I think Steven J. Vaughan-Nichols says it best: Fuchsia is "not a replacement for what we already have; it's a door to a future we're not living in yet." The one thing that Fuchsia can give Google that Android can't is more control. Fuchsia was developed — either intentionally or as a happy accident — in a way that would allow Google to update the operating system without any apps or the user interface being touched as long as the new version still supports them.

Fuchsia offers one thing that Android can't, and it's something very important to Google: more control.

Google sees the value in the control and the company having its say in when devices are updated to support new features or with better security is something we should see the value in, too. Someone close to the project told me that the Fuchsia team has had very ambitious goals since the beginning and they believe it seems inevitable that Fuchsia will piece-by-piece replace Google's other operating systems because the security model and the ability to push updates directly to users make it worthwhile.
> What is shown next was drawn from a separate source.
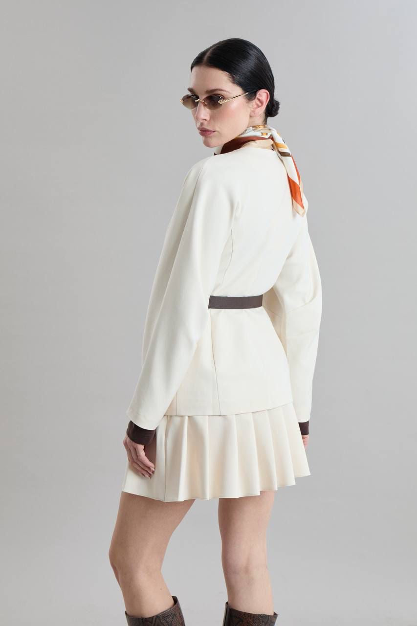 Découvrez notre ensemble veste jupe écru à manches ballons, l'incarnation parfaite de la sophistication moderne. Cette pièce signature ALTA Collection allie raffinement classique et détails contemporains pour créer une silhouette irrésistiblement élégante.

In any case, the basics are now in place and Fuchsia is now at a point where it can move out of the experimental phase and inch its way onto consumer products. The Google Nest Hub isn't a complicated device and has features and functions that Google is very good at supporting across all of its products, so the fit is natural.

Will Fuchsia eventually make its way onto other devices? I'm almost certain; things like Nest products will probably all be powered by the new operating system in the near future. It will probably make its way onto more hands-on devices like phones or Chromebooks (Fuchsiabooks?) when and if Google sees a financial benefit to doing it.